Contract Independencewas 2.5 2.4

Token Densitywas 4.1 4.1

Parent-Child Coherencewas 5.0 3.2

Grammarwas 5.9 5.2

Distinctivenesswas 4.6 5.8

Referential Claritywas 6.3 7.7

Navigabilitywas 7.4 8.3

Slug Compressionwas 8.3 8.4

Contract Concretenesswas 8.8 9.3

Verification ✓ 0 false rejections, 0 false passes / 64 checks

Key takeaways:

Seed Value 8.1 + Prompt Specificity 8.2 — the prompts themselves are worth encoding.

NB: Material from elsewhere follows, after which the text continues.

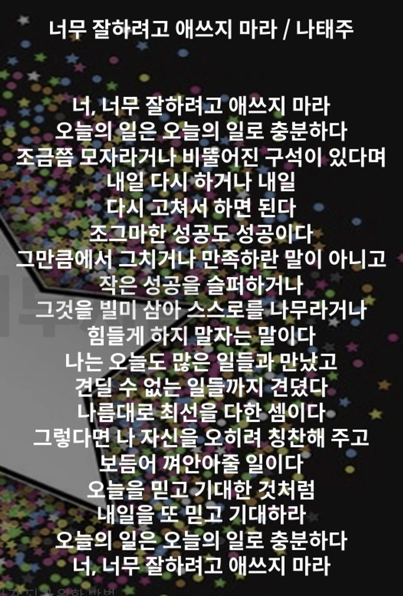그리고 주저 앉고 싶은 순간들이 찾아오면, 자모님이 써주신 손편지와 글귀를 다시 보고 일어서겠습니다.

Models wouldn't do this well zero-shot.
Contract Independence 2.4 — still the #1 problem. The model still parrots prompts into contracts. This is a model behavior issue, not a prompt quality issue.
Parent-Child Coherence 3.2 — dropped from 5.0. Many parent contracts are empty (new seeds haven't been conjugated yet), so the judge sees no coherence.
Concreteness 9.3, Navigability 8.3, Ref Clarity 7.7 — all improved. Richer prompts → richer conjugations.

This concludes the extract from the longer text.